Use an AccessKey pair to access OSS

If you want to access OSS from an instance outside EMR or AccessKey-free access is not supported, you can use an AccessKey pair to access OSS. Set the --ossKey, --ossSecret, and --ossEndPoint parameters in the command to specify an AccessKey pair.

Example:
jindo distcp --src /data/incoming/hourly_table --dest oss://<your_bucket>/hourly_table --ossSecret yourkey --secret yoursecret --ossEndPoint oss-cn-hangzhou.aliyuncs.com --parallelism 20

Write data into OSS in IA or Archive mode

When you use a Distcp task to write data into OSS, you can write data in Archive or Infrequent Access (IA) mode.
  • Example of the Archive mode (--archive):
    jindo distcp --src /data/incoming/hourly_table --dest oss://<your_bucket>/hourly_table --policy archive --parallelism 20
  • Example of the IA mode (--ia):
    jindo distcp --src /data/incoming/hourly_table --dest oss://<your_bucket>/hourly_table --policy ia --parallelism 20

Clean up residual files

When you run a DistCp task, files that are not correctly uploaded may be generated in your destination directory. The files are managed by OSS based on uploadId and may be invisible to users. In this case, you can specify the --cleanUpPending parameter in the command. This way, the system automatically cleans up the residual files after the task is completed. Alternatively, you can also clean up the files in the OSS console.

Example:
jindo distcp --src /data/incoming/hourly_table --dest oss://<your_bucket>/hourly_table --cleanUpPending --parallelism 20

Use Amazon S3 as a data source

You can use the --s3Key, --s3Secret, and --s3EndPoint parameters in a command to specify information related to Amazon S3.

Example:
jindo distcp jindo-distcp-2.7.3.jar --src s3a://yourbucket/ --dest oss://<your_bucket>/hourly_table --s3Key yourkey --s3Secret yoursecret --s3EndPoint s3-us-west-1.amazonaws.com 
You can configure the s3Key, s3Secret, and s3EndPoint parameters in the core-site.xml file of Hadoop.

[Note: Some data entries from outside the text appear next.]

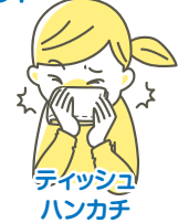
ティッシュ ハンカチ
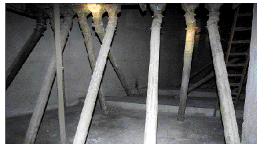
Raka rör. Verksamheten vid Ståhlboms silo var uppbyggd kring det sinnrika systemet med transportbanor och schakt för brödsädet. På bilden några av de rörsystem som användes.
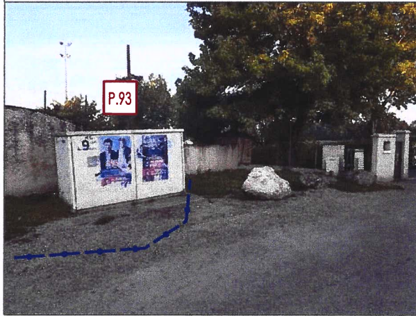
LECTOURE - STADE - Av. de la Gare - Section CN - Parcelle 61
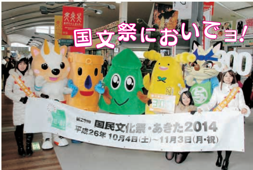
みんなも応援よろしくね！(昨年12月8日の300日前カウントダウンイベントで)
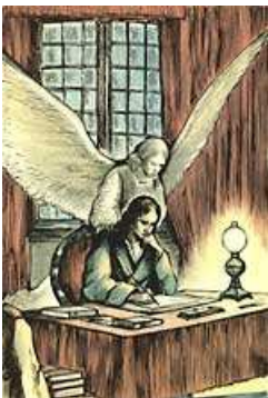
L'”angelo” di Balzac
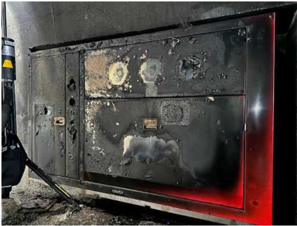
(消火栓設備被災状況 16日 14時40分時点)
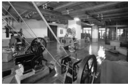
Espais de l'antic Museu del Tabac.
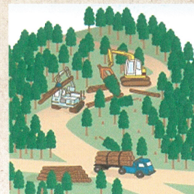
適切に森林整備を推進!

詳しくは、所有者となった土地がある市役所・町村役場や、都道府県庁又は出先機関の林務担当までお問い合わせください。
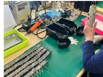
電子部品のネジ止め作業です。
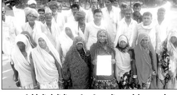
बनास नदी पेटे में खेतों में बजरी माफियाओं द्वारा बोर्ड फसल को नष्ट करने पर ज्ञापन देने आये ग्रामीण।

टोंक, (निसं)। देवली क्षेत्र के ग्राम सतवाडा के ग्रामीणों ने बनास नदी पेटे में उनके खेतों में बजरी माफियाओं द्वारा बोर्ड फसल को नष्ट करने एवं परेशान करने के मामले में अतिरिक्त जिला कलेक्टर को ज्ञापन दिया।
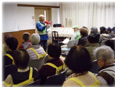
(避難の在り方について説明)
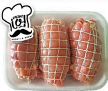
ROLLINI DI POLLO

This way, you do not need to specify an AccessKey pair each time.
<configuration>
    <property>
        <name>fs.s3a.access.key</name>
        <value>xxx</value>
    </property>

    <property>
        <name>fs.s3a.secret.key</name>
        <value>xxx</value>
    </property>

    <property>
        <name>fs.s3.endpoint</name>
        <value>s3-us-west-1.amazonaws.com</value>
    </property>
</configuration>
Example:
jindo distcp /tmp/jindo-distcp-2.7.3.jar --src s3://smartdata1/ --dest s3://smartdata1/tmp --s3EndPoint  s3-us-west-1.amazonaws.com

Check DistCp Counters

Run the following commands to check DistCp Counters in the counter information of MapReduce:
Distcp Counters
        Bytes Destination Copied=11010048000
        Bytes Source Read=11010048000
        Files Copied=1001

Shuffle Errors
        BAD_ID=0
        CONNECTION=0
        IO_ERROR=0
        WRONG_LENGTH=0
        WRONG_MAP=0
        WRONG_REDUCE=0
Note If Jindo DistCp has performed compression or decompression operations during the copy process, the values of Bytes Destination Copied and Bytes Source Read may be different.